Nausea and Vomiting Flashcards
What are the risk factors for post-op nausea and vomiting?
Patient factors: Female Age - declines through adult life Previous PONV or motion sickness Use of opioid analgesics Non-smoker
Surgical factors: Intra-abdominal laparoscopic surgery Intracranial or middle ear surgery Squint surgery Gynaecological surgery esp. ovarian Prolonged operative times Poor post op pain control
Anaesthetic factors: opiate analgesia or spinal analgesia Inhalation agents - NO Prolonged anaesthetic time Intraoperative dehydration or bleeding Overuse of bag and mask ventilation (gastric dilation)
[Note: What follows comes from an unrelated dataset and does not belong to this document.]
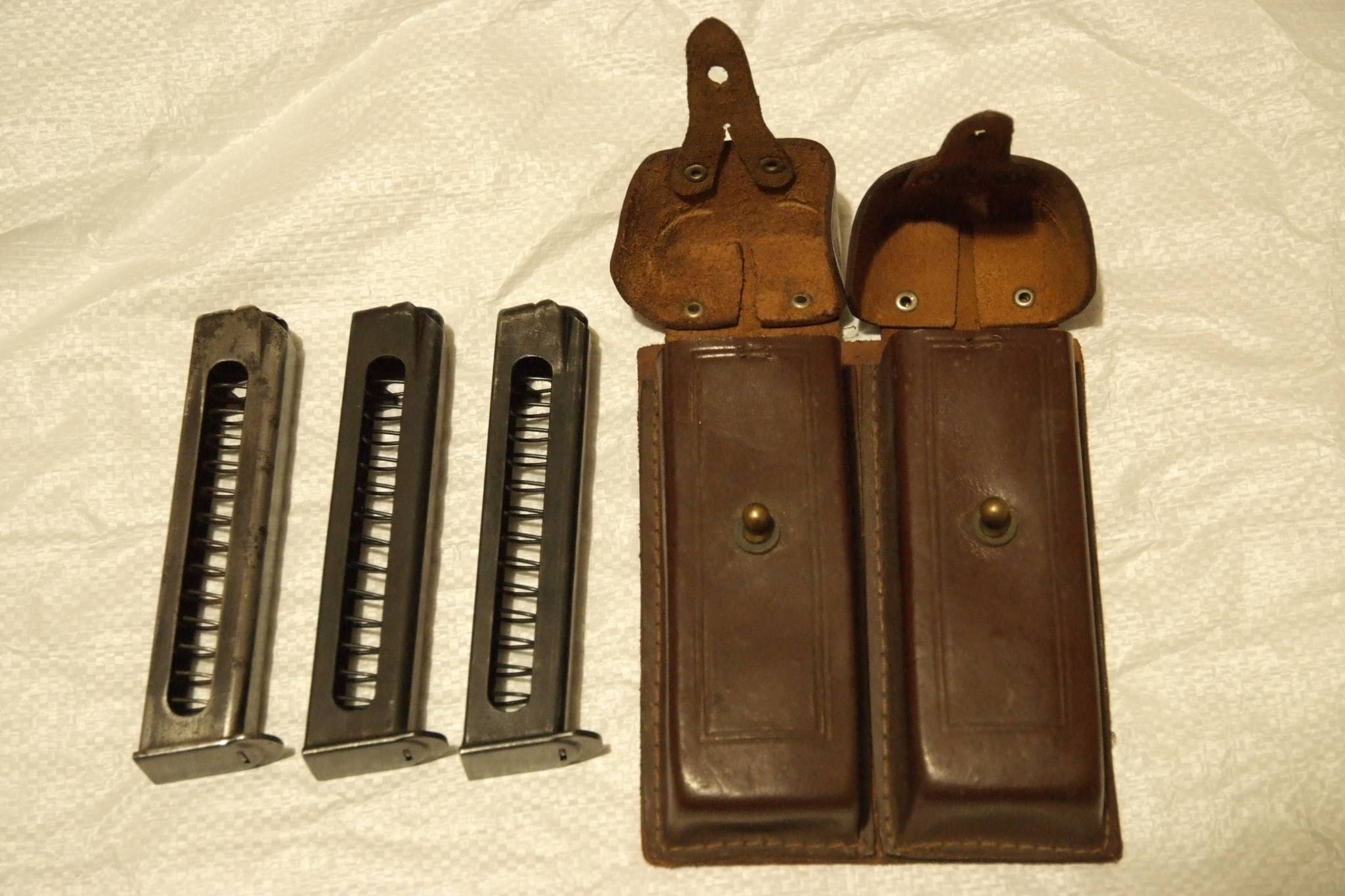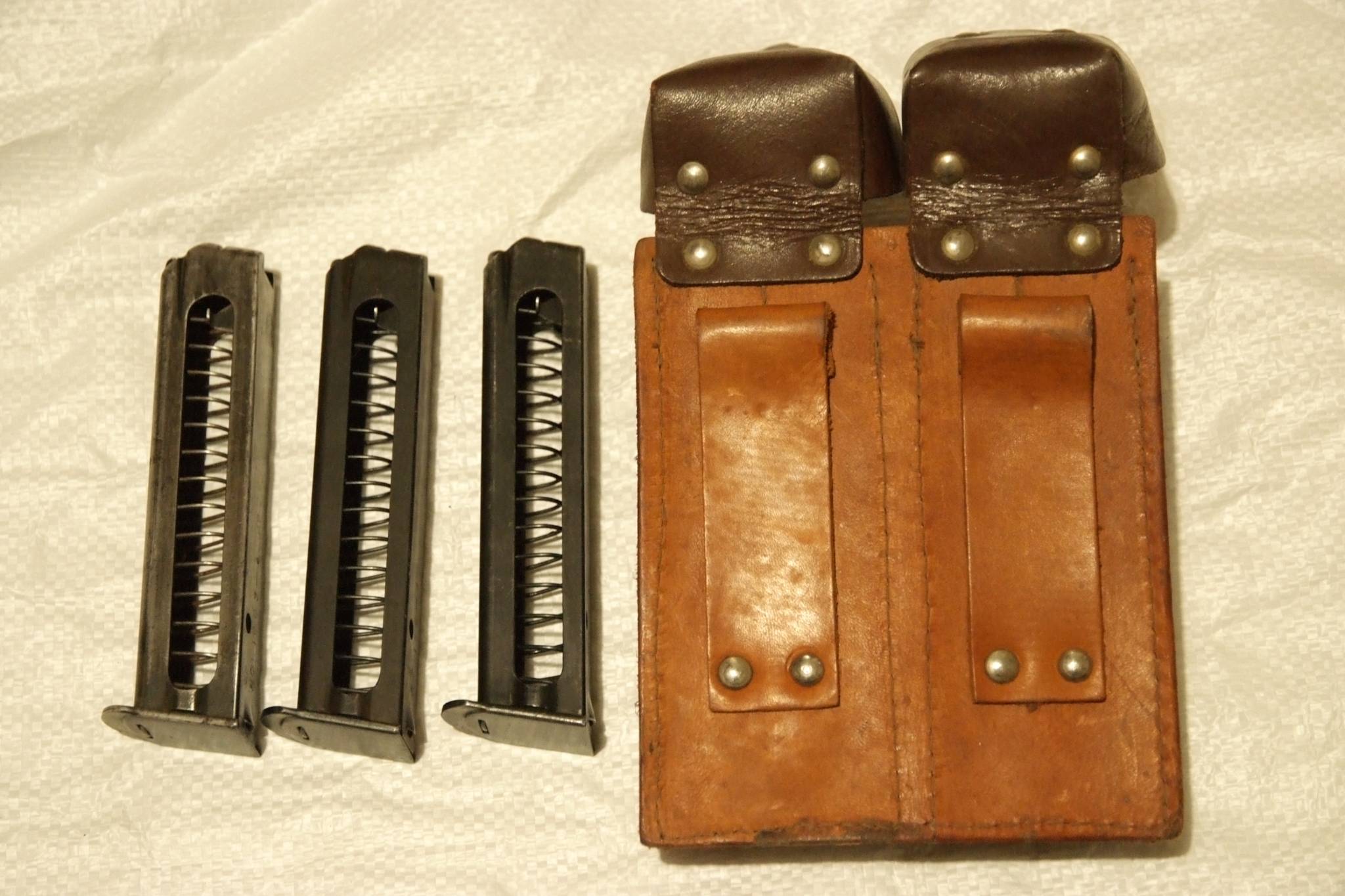 К АПС комплект. Подсумок магазинов ранний, в хорошем состоянии и 3 магазина. 2 б.у., в хорошем состоянии, 1 поюзаный, стёрто чернение. Все работоспособные, без функциональных изъянов. Смазаны консервирующей смазкой.

What are the patient risk factors for post-op nausea and vomiting?
Patient factors: Female Age - declines through adult life Previous PONV or motion sickness Use of opioid analgesics Non-smoker
What are the surgical risk factors for post-op nausea and vomiting?
Surgical factors: Intra-abdominal laparoscopic surgery Intracranial or middle ear surgery Squint surgery Gynaecological surgery esp. ovarian Prolonged operative times Poor post op pain control
What are the anaesthetic risk factors for post-op nausea and vomiting?
Anaesthetic factors: opiate analgesia or spinal analgesia Inhalation agents - NO Prolonged anaesthetic time Intraoperative dehydration or bleeding Overuse of bag and mask ventilation (gastric dilation)
What are the areas of the brain involved in vomiting and nausea?
Brainstem:
Vomiting centre - located within the lateral reticular formation of medulla oblongata controls and coordinates movements in vomiting
Chemoreceptor trigger zone - located in the area postrema, located outside the BBB and therefore can respond to stimuli in the circulation
How does womiting happen?
Vomiting centre receives input from chemoreceptor trigger zone, GI tract, vestibular system and higher cortical structures - sight, smell, pain
If the stimuli are sufficient it acts of the diaphragm, stomach and abdominal musculature to initiate vomiting,
What neurotransmitters are involved in vomiting?
Chemoreceptor trigger zone: dopamine, 5HT3 receptors Vestibular apparatus: ACh and Histamine GI tract: dopamine Vomiting centre Histamine and 5HTs
What is important in assessing a patient with PONV
A-E approach
Airway - aspiration of vomit risk
Protection - use of NG tube
What are alternative causes of post-op NV
Anaesthetic/post op drugs
Infection
GI causes (post-opileus, bowel obstruction)
Metabolic causes (hypercalcaemia, uraemia, DKA)
Medication
CNS causes (raised ICP_
Psychiatric (Anxiety)
How is post op NV managed?
Prophylactic
Conservative
Pharmaceutical
What are prophylactic measures for post op NV?
Anaesthetic mesures - reduce opiates, reduce volatile gases, a void spinal anaesthetics
Prophylactic anti-emetics
Dexamethasone at induction of anaesthesia
What are conservative measures for NV?
Adequate fluid hydration
Adequate analgesia
Ensure no obstructive cause
What are pharmaceutical measures
Antiemetics
Multimodal therapy is more effective
Patients with impaired gastric emptying or gastric stasis should be trialed on pro kinetic agent such as metoclopramide (dopamine antagonist), unless bowel obstruction is suspected.
Hyoscine (anti-muscarinic) can help reduce secretions and subsequent NV in its with bowel obstruction
Suspected metabolic or biochemical imbalance such as uraemia, electrolyte imbalance, cytotoxic agents should be trialed on metoclopramide (dopamine antagonist)
Opioid induced NV typically responds well to cyclizine (H1Histamine receptor antagonist) or odansetron (5HT3 antagonist)
What type of drug is metoclopramide? Where does it act? What are indications? What are ADRs?
Dopamine receptor antagonist (D2)
Acts ont he postera on the floor of the fourth ventricle (vomiting centre) Increases rate of gastric emptying. Anticholinergic effects and blocks vagal afferent serotonin receptors.
GI causes of nausea/vomiting, migraine and post-operatively (oral,IM, IV)
Extrapyramidal side-effects (avoid in PD), galactorrhea due to prolactin release
What type of drug is odansetron? What is the mechanism of action? Indications? ADRs?
5HT receptor antagonist
Antagonises vagal afferent nerves in GI tract and antagonises receptors on the vomiting centre
High doses in radiation sickness, chemo and post-op enhanced by single dose of corticosteroids.